The researchers found that GAN-based models do not have the same problem with image memorization, but it’s unlikely that major companies will move on beyond Diffusion unless an even more sophisticated machine learning model comes around that produces even more realistic, high quality images.

Florian Tramèr, a computer science professor at ETH Zurich who participated in the research, noted how many AI companies advise that users, both those in free and paid versions, are granted license to share or even monetize the AI-generated content. The AI companies themselves also reserve some of the rights to these images. This could prove a problem if the AI generates an image that is exactly the same as an existing copyright.

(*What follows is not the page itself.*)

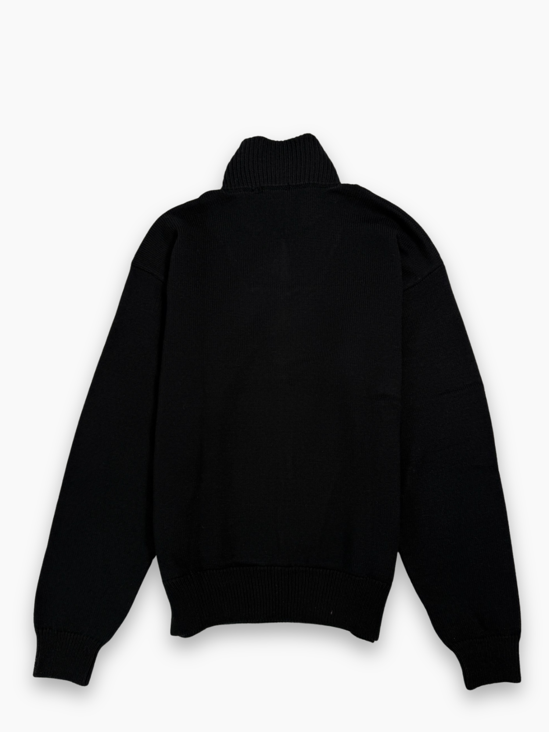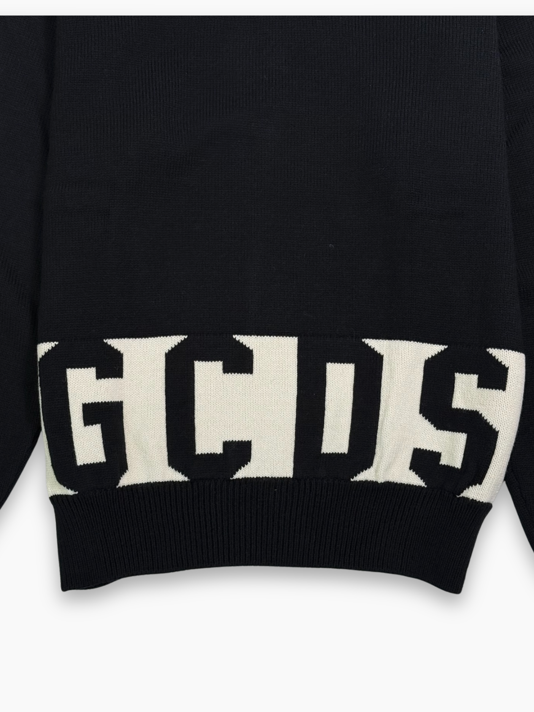Maglia nera con collo alto a mezza zip e maxi logo GCDS a contrasto sul fondo. Il design in maglia compatta offre una vestibilità calda e strutturata, mentre il dettaglio zip dona un tocco moderno e funzionale. Un capo versatile, perfetto per look casual dal carattere distintivo.

With only a .03% rate of memorization, AI developers could look at this study and determine there’s not much of a risk. Companies could work to de-duplicate images in the training data, which would make it less likely to memorize. Hell, they could even develop AI systems that would detect if an image is a direct replication of an image in training data and flag it for deletion. However, it masks the full risk to privacy posed by generative AI. Carlini and Tramèr also assisted on another recent paper that argued that even attempts to filter data still does not prevent training data from leaking out through the model.

And of course, there’s a high risk that images nobody would want recopied end up showing up on users’ screens. Wallace asked if a researcher wanted to generate a whole host of synthetic medical data of people’s X-Rays, for example. What should happen if a diffusion-based AI memorizes and duplicates a person’s actual medical records? 

“It is pretty rare, so you might not notice it’s happening at first, and then you might actually deploy this dataset on the web,” the UC Berkeley student said. “The goal of this work is to kind of preempt those possible sorts of mistakes that people might make.”